Per questo non possiamo considerare una mera utopia la lotta e la mobilitazione contro il riarmo e la guerra, la lotta per la pace. Non è una istanza da portare avanti separatamente dalle altre quando se ne dà l’occasione, è una lotta per la vita, per la sopravvivenza del genere umano, da subito. Per questo motivo è necessario saldare le rivendicazioni, le mobilitazioni locali a questo orizzonte generale, globale che può essere di difficile comprensione, che viene totalmente oscurato nella comunicazione mainstream. Ciò è tanto più necessario e possibile in territori come il nostro dove un modello di sviluppo indifferente alla difesa dell’ambiente e della salute umana ha lasciato piaghe difficili da rimarginare e nel quale si fa strada da Colleferro a Cassino l’espansione delle produzioni belliche come unica prospettiva per la conservazione dei posti di lavoro ed il mantenimento di dignitose condizioni di vita per le comunità del territorio.

C’è una urgenza ed una consapevolezza diversa oggi nelle mobilitazioni per la pace come la Perugia-Assisi, si fanno strada tutte le ragioni, da tutti punti di vista possibili  per cui la pace  non è un orizzonte utopico, sia pure un valore irrinunciabile che la storia e gli eventi di oggi ci consegnano; essa è una lotta per la vita di ogni comunità umana che attraversa ogni aspetto e momento delle relazioni, dei rapporti sociali che compongono le società in cui viviamo. Certo essa appare come una lotta di lunga durata, come ogni lotta che abbia una posta in gioco così definitiva e discriminante da ogni punto di vista; eppure, come ci dimostra la crisi climatica, stiamo già pagando ovunque un prezzo tremendo e non possiamo che estendere, rendere pervasiva la nostra lotta, approfondirne e condividerne le ragioni, ma in una corsa contro il tempo, per salvare quante più vite possibili al presente e al futuro , non possiamo far altro che radicalizzarla, laddove la radicalità sta nella parola sciopero che è stata utilizzato in queste ultime settimane, poiché lo sciopero è la volontà di bloccare un corso degli eventi che appare inevitabile ed invincibile, pagandone anche il prezzo, come da sempre succede, ma rifiutandosi di avvallare, sottomettendosi, la corsa verso un futuro che lascerà pochi, pochissimi vincitori.

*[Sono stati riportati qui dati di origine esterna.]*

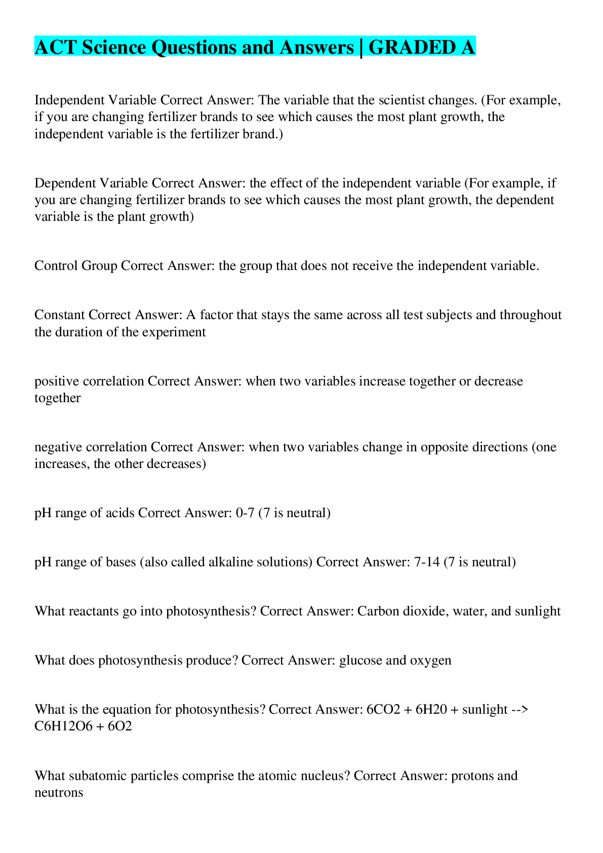 SCIENCE 101 > QUESTIONS & ANSWERS > ACT Science Review Questions and Answers 2022 (All)

La lotta per la pace è la lotta contro una deriva globale neodarwiniana nella quale si mette in atto una competizione di tutti contro tutti, con risorse disponibili sempre più scarse, destinata a lasciare gran parte dell’umanità in una condizione precaria, specialmente in Europa e in Italia.

La lotta per la pace è la demistificazione di quell’orizzonte radioso che sarebbe garantito da uno spettacolare sviluppo della tecnica, destinato a risolvere ogni problema dalle malattie, alla povertà alla crisi climatica, mentre noi vediamo come l’innovazione tecnologica, guidata dalla logica dell’accumulazione capitalistica, ci conduca invece verso un orizzonte distopico.

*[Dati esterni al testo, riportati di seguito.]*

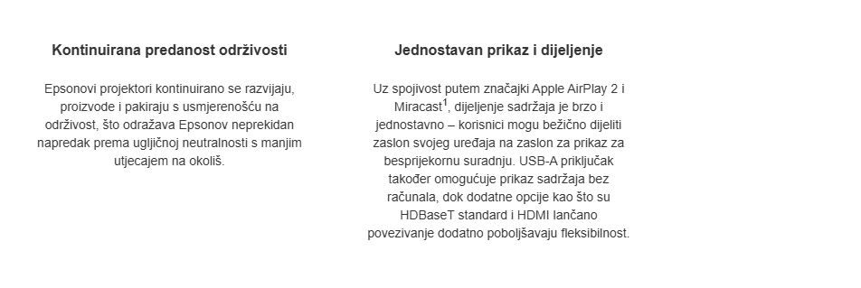 Povezivost | Priključci USB 2.0-A, USB 2.0 tipa B (samo usluga), RS-232C, Ethernet sučelje (100 Base-TX/10 Base-T), Bežični LAN IEEE 802.11a/b/g/n/ac, VGA ulaz (2x), VGA izlaz, HDMI ulaz, Kompozitni ulaz, Miracast, Izlazni priključak za utičnicu, Ulazni priključak za utičnicu, Činč audio ulaz, ulaz za mikrofon, Apple AirPlay 2 Mrežni protokol HTTPS, IPv6, SNMP |

Siamo stati alla Perugia-Assisi abbiamo costruito decine di mobilitazioni in tutte il territorio in queste ultime settimane, non abbiamo intenzione di fermarci. Gaza, la lotta del popolo palestinese resta al centro delle nostre mobilitazioni, assieme alla lotta contro il riarmo europeo e lo sviluppo delle produzioni belliche nel nostro territorio. È il nostro contributo concreto, a partire dalla nostra condizione, in quella lotta per la pace così necessaria e vitale per noi tutti.

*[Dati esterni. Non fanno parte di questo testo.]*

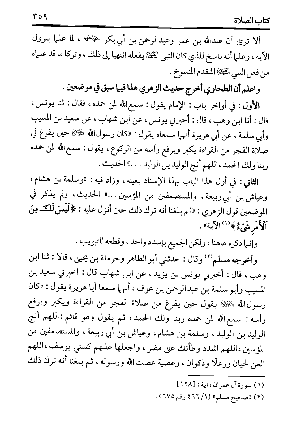 وأخرجه مسلم (¬2) وقال: حدثني أبو الطاهر وحرملة بن يحيى، قالا: ثنا ابن وهب، قال: أخبرني يونس بن يزيد، عن ابن شهاب قال: أخبرني سعيد بن المسيب وأبو سلمة بن عبد الرحمن بن عوف، أخهما سمعا أبا هريرة يقول: "كان رسول الله - عليه السلام - يقول حين يفرغ من صلاة الفجر من القراءة ويكبر ويرفع رأسه: سمع الله لمن حمده ربنا ولك الحمد، ثم يقول وهو قائم: اللهم أنج الوليد بن الوليد، وسلمة بن هشام، وعياش بن أبي ربيعة، والمستضعفين من المؤمنين، اللهم اشدد وطأتك على مضر، واجعلها عليهم كسني يوسف، اللهم العن لحيان ورعلًا وذكوان، وعصية عصت الله ورسوله، ثم بلغنا أنه ترك ذلك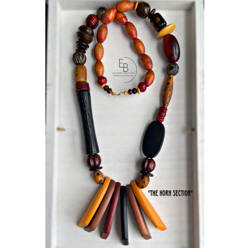 “The Horn Section” Long Wood & Horn Abstract Necklace

Per questo ci vedremo in piazza per una manifestazione a Colleferro, domenica 26 ottobre alle 14.30 nei pressi della stazione ferroviaria, ai giardini del quartiere Scalo.

Roberto Rosso

  1. https://www.avio.com/it/comunicati-stampa/avio-rafforza-collaborazione-con-le-forze-armate-statunitensi https://www.rid.it/shownews/6940/avio-guarda-al-militare-parola-all-rsquo-ad-giulio-ranzo.[]
  2. https://www.ilmessaggero.it/persone/spazio_avio_vega_pnrr_satelliti_giulio_ranzo_vittorio_colao-6783702.html.[]
  3. https://www.frosinonenews.eu/stellantis-cassino-il-dibattito-strisciante-sulla-riconversione-militare-del-sito-e-dellindotto/.[]
  4. https://it.insideover.com/difesa/il-volo-in-borsa-di-rheinmetall-il-campione-tedesco-della-difesa-sorpassa-bmw-volkswagen-e-mercedes.html  https://www.reuters.com/business/aerospace-defense/armsmaker-rheinmetall-visits-volkswagen-plant-works-council-says-2025-03-28/.[]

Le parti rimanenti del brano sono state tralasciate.